In my special report, What I Know For Sure: Lessons Learned in 10 Years of Business, I list 75 topic areas that I have bumped into over ten years. Throughout October, I will randomly choose one of the 75 and expound on it. So here’s today’s:

#40 Public speaking is truly the best, most leverageable marketing strategy for service professionals. Trust issues, resistance and skepticism melt away when we see someone in person (for the most part). Nothing else does this like being in the room with your prospects. Get out and speak!

Okay, it’s kind of laughable for me to stuff my opinion on this subject into a single blog post. :-) For those of you who don’t know me, I specialize in teaching a very cutting-edge public speaking training, and for 5 years, have been teaching entrepreneurs to “Speak Free and Profit.” (See ebook to the right of this page and archived posts to learn even more.)

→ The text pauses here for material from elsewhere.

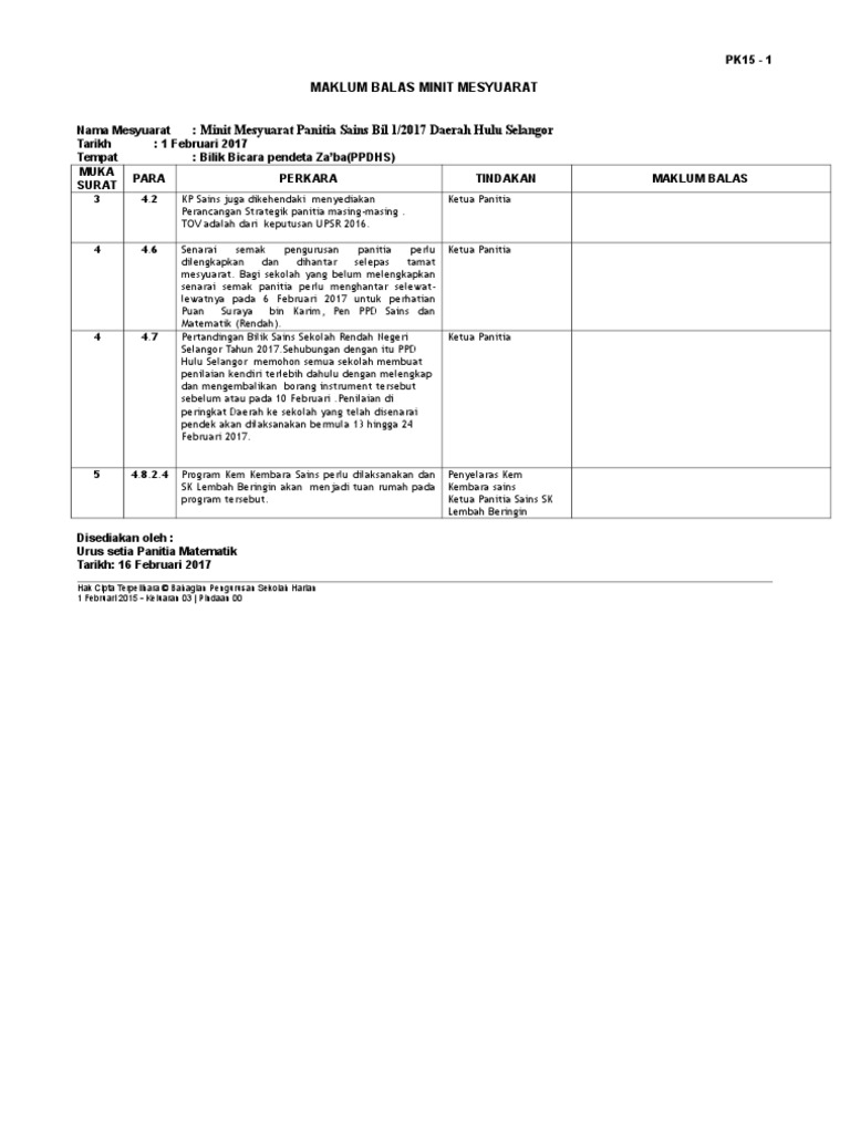 Borang Pk 07 5 Maklum Balas Minit Mesyuarat Kali Pertama 2017

So what *can* I say about this in a paragraph or two? Well, how about this:  some things never change in a wildly changing world. The internet has lulled us into believing we can connect with others through our monitors and iPhones–but the truth is, we still need to experience each other in a live setting. We still crave the connection that is born out of face-to-face, in-person communication. It is not dead, any more than the delicious joy of holding a book in our hands and reading from paper pages is dead. Communing with others live is a delicious joy, too, and as entrepreneurs dedicated to effecting change, we must elevate speaking to the top of our marketing to-do list because it is our job to do what works. Getting people in the room to influence them to act on our world-changing idea, or to purchase something, is just plain being business smart. MUCH smarter than sitting around, waiting for dollars to come out of our Facebook pages.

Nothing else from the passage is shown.